Commodities and Financial Indicator group is operative under the umbrella of PML(N) Research Wing (Punjab) with an objective of reviewing the economic performance of the government and to provide comparative analysis on a periodic basis. This team consists of dedicated professionals having hands-on exposure of managing economy, finance, and accounts.
In the past few months, the working group was able to earn the honor of presenting a complete budget analysis of Punjab’s budget for Fiscal Year 2020-21 to the leader of opposition and members of the Assembly of PML(N) Punjab. Later on, a comprehensive white paper was issued by C&FI group over the current Punjab budget dated 30-Jun-2020 in a joint press conference of senior party leaders wherein not only public concerns and budget loopholes were highlighted but also, recommendations were provided.
In addition, C&FI group successfully issues various research papers on current economic affairs like:
Economic and measures for food security (During COVID-19)
Review on Prime Minister’s Amnesty Schemes for the construction package.

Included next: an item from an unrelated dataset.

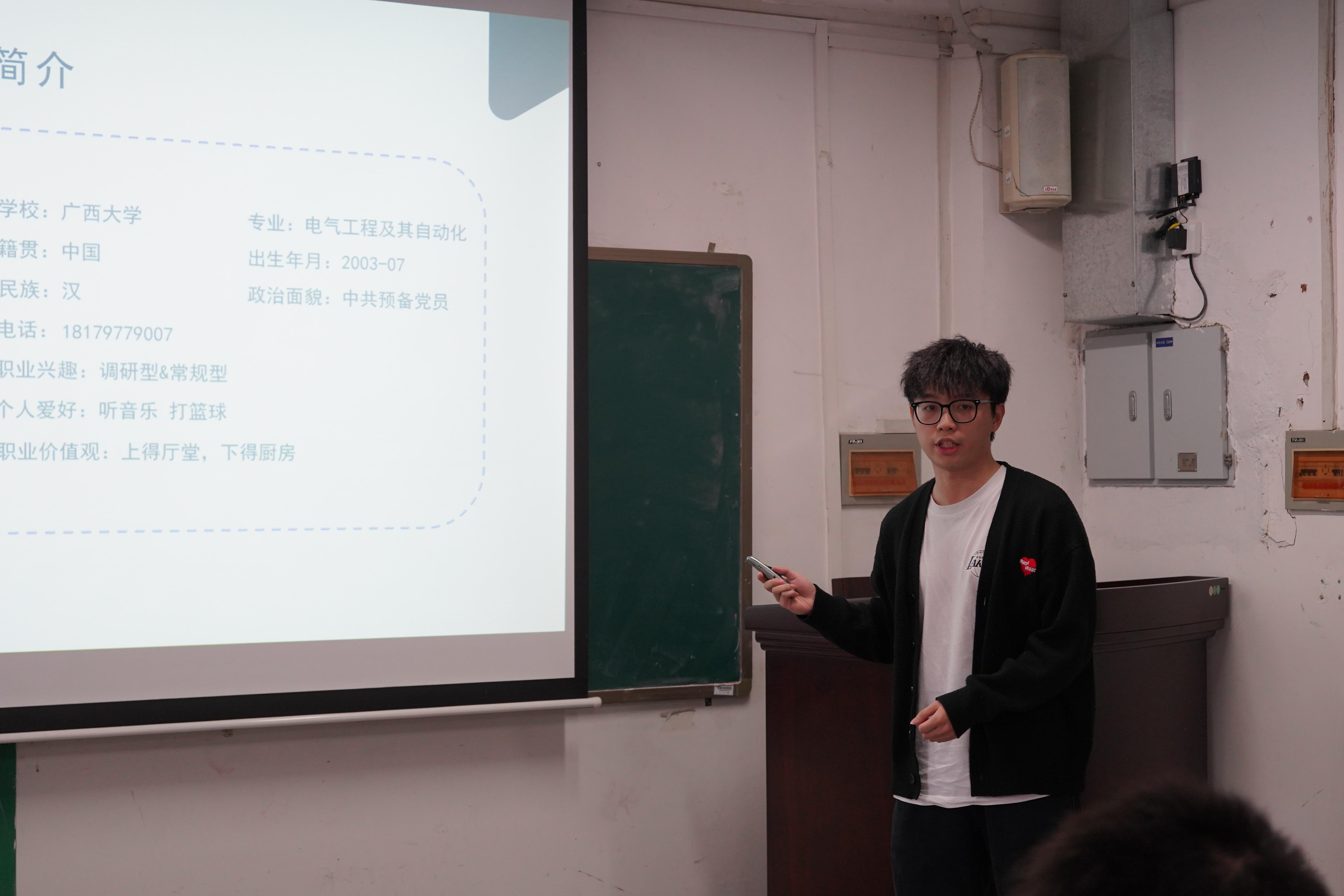 在钟丰蔚同学的展示中,他通过自我认知、环境分析、SWOT分析、职业定位、实施方案向大家介绍了专业具体的职业规划,展现出全面的综合能力。他希望可以立足现在,放眼未来,秉持“为祖国健康工作五十年”的爱国之心,做一名既怀抱梦想又脚踏实地的电气人。

Review document on sugar and wheat scam.
C&FI group also provides assistance to PML(N) stakeholders on the economic front with help of infographics and summarized analysis.
Economic Review
In the first two years of the PTI government, economic growth plunged from 5.8% to negative 1.4%, despite unrealistic proclamations made before coming to power. Current PM provided strong assurance to people that the government has a program of reforms and a capable team ready to set the economic direction right. Two years down the lane, it’s clear that they neither had a team, nor a program. Contrarily, throughout our five years, we were constantly criticized by PTI politicians and others with the following claims:
For not being able to increase exports due to overvalued rupee, PML(N) artificially held the utility prices stable to gain public popularity and hence pushed up circular debt to “unsustainable” levels, The PML(N)’s “corruption and incompetence” was blamed for inability to increase tax collection, Huge deficits by PML(N) resulted in adding up to our nation’s “unsustainable” debt.

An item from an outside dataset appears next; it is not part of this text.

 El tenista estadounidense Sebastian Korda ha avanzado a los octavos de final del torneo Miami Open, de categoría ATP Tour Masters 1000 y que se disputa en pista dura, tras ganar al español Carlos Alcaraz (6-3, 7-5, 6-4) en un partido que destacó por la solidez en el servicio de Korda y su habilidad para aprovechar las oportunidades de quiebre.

After coming to power, PTI devalued the currency by more than 40%. However, export ended up with negative growth of 2.1% in its 1st year and negative 7.2% in the current year. In addition to this, PTI increased the utility prices significantly; gas by 140% and electricity by more than 70%, whereas, circular went up from Rs. 1032 Billion in May-2018 to 2026 Billion in Mar-2020. It was claimed that “The Naya Pakistan” is now corruption free, however, tax collection is stagnant at the same level since June-2018 which swelled double in 5 years of PML(N) tenure. In just two years the incumbent government borrowed more than 45% of total debt taken in the last 70 years of Pakistan history.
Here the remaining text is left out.